С этого момента начинается поворотная точка судьбы этого ребёнка. Что с ним будет дальше? Вернётся ли он когда-нибудь домой? Заберут ли его другие люди в новую семью? Останется ли он здесь до совершеннолетия? Сможет ли он потом справиться со своей жизнью сам, без опыта семейной жизни, нормальных взаимных отношений, ответственности за свои действия? А если его развитие в условиях стресса и депрессии даст сильную задержку, не пойдёт ли он по пути коррекционных учреждений, потеряв в итоге право распоряжаться собственной жизнью и свободой, если его лишат дееспособности?

А ещё с этого момента у ребёнка появляется риск заработать то самое расстройство привязанности, которое станет его балластом во взрослой жизни, не позволяющим строить нормальные, долговременные отношения с людьми. Сможет ли он чувствовать другого человека. Сможет ли он чувствовать и понимать себя, свои реальные желания, потребности. Сможет ли он доверять кому-то. Сможет ли проводить границу между отношениями с близкими и посторонними? В нашем мире есть чёткая граница между своими и чужими людьми. Есть понимание того, как могут или не могут эти чужие люди входить в жизнь семьи. Ребёнок впитывает это с самого детства. Это знание не даётся нам мистическим образом. Мы учимся.

«Дети-сироты тоже учатся. Тому, что с ними с детства нет одного близкого и значимого человека. Что любой чужой может прийти, одарить подарком и исчезнуть навсегда. Что под Новый год этих чужих и мелькающих обычно толпы».

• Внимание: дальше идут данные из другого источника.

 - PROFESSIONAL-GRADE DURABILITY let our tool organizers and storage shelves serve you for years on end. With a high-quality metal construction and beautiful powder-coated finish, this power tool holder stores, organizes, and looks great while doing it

Взрослые — это ненадёжные люди. С ними нельзя строить долговременные отношения, они всё равно бросят, предадут или мелькнут и уйдут. Зато от них можно получить материальные блага и научиться испытывать радость от вещей, которые начинают замещать радость от отношений, от общения.

Мы растим одиноких детей, не умеющих полагаться на людей, но умеющих получать радость от обладания вещью. Мы растим детей, которые не могут принять самостоятельно никакое решение (они не имели на это прав в детском доме), но могут легко подчиниться воле малознакомых людей и вступать с ними в доверительный контакт за улыбку и подарок.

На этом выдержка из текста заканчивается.